📖 Overview
Programming in Standard ML (SML) is a comprehensive introduction to functional programming using the Standard ML language. The text moves from basic concepts through to advanced topics in programming language design and implementation.
The book presents core SML features like type inference, pattern matching, polymorphism, and modules through concrete examples and programming exercises. Each chapter builds on previous material while introducing new concepts, with formal definitions balanced against practical applications.
The content emphasizes proper software engineering practices and type-safe programming within the functional paradigm. Much attention is given to the mathematical foundations that underpin SML's design, particularly its type system and operational semantics.
The work serves as both a practical programming guide and a window into the theoretical principles of programming language design. Its systematic treatment of functional programming concepts reflects the author's goal of bridging computer science theory with programming practice.
👀 Reviews
Readers describe this as a compact, mathematically-oriented SML reference that requires significant programming experience to follow. The book's rigorous treatment of types and formal semantics receives frequent mentions in reviews.
Liked:
- Clear explanations of ML's type system and pattern matching
- Focus on mathematical foundations
- Detailed coverage of modules and functors
- Quality exercises that build understanding
Disliked:
- Too abstract and formal for beginners
- Limited practical examples
- Not enough coverage of the standard library
- Lacks guidance on real-world ML programming
From Goodreads (4.14/5 from 37 ratings):
"Excellent theoretical foundation but you'll need supplementary material for actual programming" - M. Shaw
"Dense but precise coverage of SML semantics" - R. Kumar
Amazon (4/5 from 6 reviews):
"Better suited as a second ML book after learning basics elsewhere" - Anonymous
"Good reference but challenging for self-study" - T. Wilson
📚 Similar books
Types and Programming Languages by Benjamin Pierce.

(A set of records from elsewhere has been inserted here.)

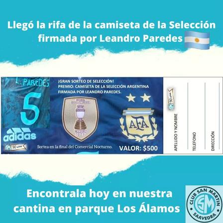 Los integrantes de la Comisión Directiva de San Martín tienen números disponibles con el premio final de la Camiseta de la Selección Argentina firmada por Leandro Paredes.
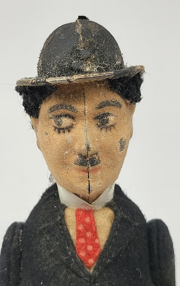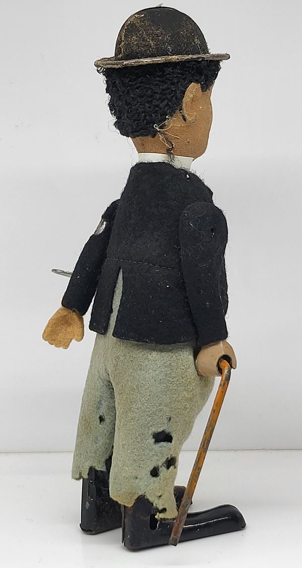 Charlie Chaplin by SCHUCO, Made in Germany, working spring mechanism. Hand-painted face on flock-covered sheet metal, rare version. Measures approximately 17 cm tall. Working, good condition, some defects in the fabric of the dress.
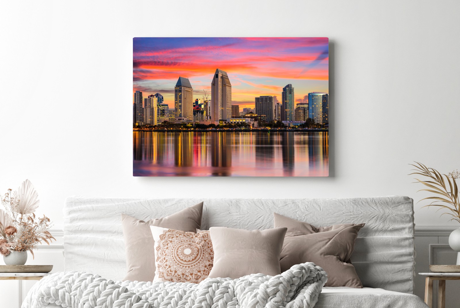Leinwandbild San Diego skyline bei sonnenuntergang
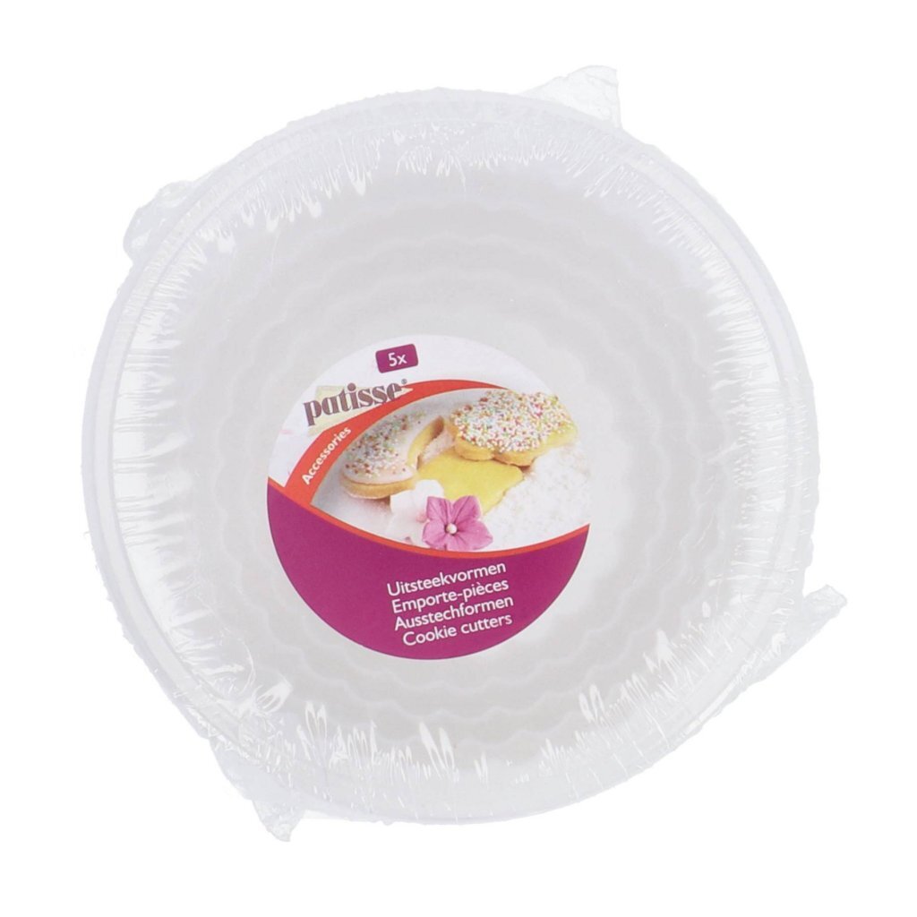 Een 5-delige uitsteekvormenset met 4 gekartelde ronde uitsteekvormen en 1 bewaardoosje. Geschikt voor in de vaatwasser.
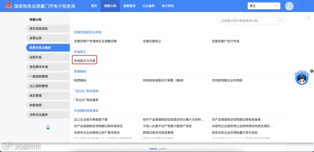 申报更正或作废时只能全量更正或者申报作废,不允许差额更正或补充申报。

A mathematical treatment of type systems provides deeper understanding of ML's type system and functional programming concepts.
Real World OCaml by Yaron Minsky, Anil Madhavapeddy, and Jason Hickey. OCaml shares ML's foundations and this book presents similar functional programming patterns in a production context.
Introduction to Functional Programming by Philip Wadler. The book explores functional programming concepts through Haskell while maintaining the mathematical rigor found in Harper's ML text.
The Little MLer by Daniel P. Friedman. This text presents ML concepts through dialogue and exercises that complement Harper's more formal approach.
Practical Foundations for Programming Languages by Robert Harper. This text expands on the theoretical foundations introduced in Programming in Standard ML with deeper examination of programming language concepts.
Real World OCaml by Yaron Minsky, Anil Madhavapeddy, and Jason Hickey. OCaml shares ML's foundations and this book presents similar functional programming patterns in a production context.
Introduction to Functional Programming by Philip Wadler. The book explores functional programming concepts through Haskell while maintaining the mathematical rigor found in Harper's ML text.
The Little MLer by Daniel P. Friedman. This text presents ML concepts through dialogue and exercises that complement Harper's more formal approach.
Practical Foundations for Programming Languages by Robert Harper. This text expands on the theoretical foundations introduced in Programming in Standard ML with deeper examination of programming language concepts.
🤔 Interesting facts
🔍 Robert Harper is one of the original developers of the Standard ML programming language alongside Robin Milner and others at the University of Edinburgh.
📚 The book was developed from course materials used at Carnegie Mellon University, where Harper has taught programming languages since 1988.
💡 Standard ML was the first programming language to use Hindley-Milner type inference, which allows automatic detection of most general types without requiring explicit type annotations.
🎓 The book emphasizes the mathematical foundations of programming, reflecting ML's origins in automated theorem proving and its close connection to formal logic.
⚡ Standard ML influenced many modern programming languages, including OCaml, F#, and Rust, particularly in their type systems and pattern matching features.